With the weather finally turning colder many people feel compelled to ‘help out’ waterfowl by bringing them left over bread, chips and other such ‘treats’.
In larger quantities bread can actually be very harmful to waterfowl. Bread (particularly white bread) is high in carbohydrates, but devoid of any other useful nutrient required by ducks and geese.
Ducks and geese naturally have a varied diet including food sources such as aquatic plants, seeds, grasses and insects, but if large quantities of bread are available they will soon succumb and become obese junk food-junkies.
They will also start to suffer from the effects of malnourishment. In both ducks and geese a condition called Angel Wings can be caused by too much bread consumption. Angel Wings will usually render the sufferer flightless for the rest of its life and long-term malnourishment will cause death.
Often people will go to roughly the same area to feed bread to ducks and geese. This will attract large numbers of ducks and geese to these areas causing them to become over populated and in turn causing large deposit of feces both in the water and on land. These feces combined with left over bread (not consumed by the ducks) can cause excessive algae growth in the water as well as bad smell (particularly in the summer). Poor water quality will have an impact on the overall health of the waterfowl as well as the availability of their natural food sources.
Habituation and altered natural behaviors have been observed in some wild waterfowl as a result of habitually being fed by humans. Habituation of wildlife to humans is never a good thing and should never be encouraged.

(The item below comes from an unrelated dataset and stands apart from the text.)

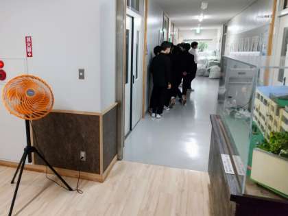 保健室前です。2年生男子の皆さんですね。「歯科検診」が始まったようですね。

Ducks and geese rarely need our assistance by way of food. During lengthy extreme cold spells it might be helpful to supplement dabbling ducks such as mallards and also maybe geese or swans with some extra food in the form of cracked corn or duck pellets, but that is not a common occurrence or necessity.
As an alternative to duck feeding I would highly recommend taking your children to a variety of areas where you might sight waterfowl. Pack a bird identification book and binoculars and try to identify the waterfowl you see. This is a great way to enjoy time with your children while learning something.
We are so lucky to have such an abundance of amazing waterfowl migrating through this area and if you look a little closer you will be amazed too.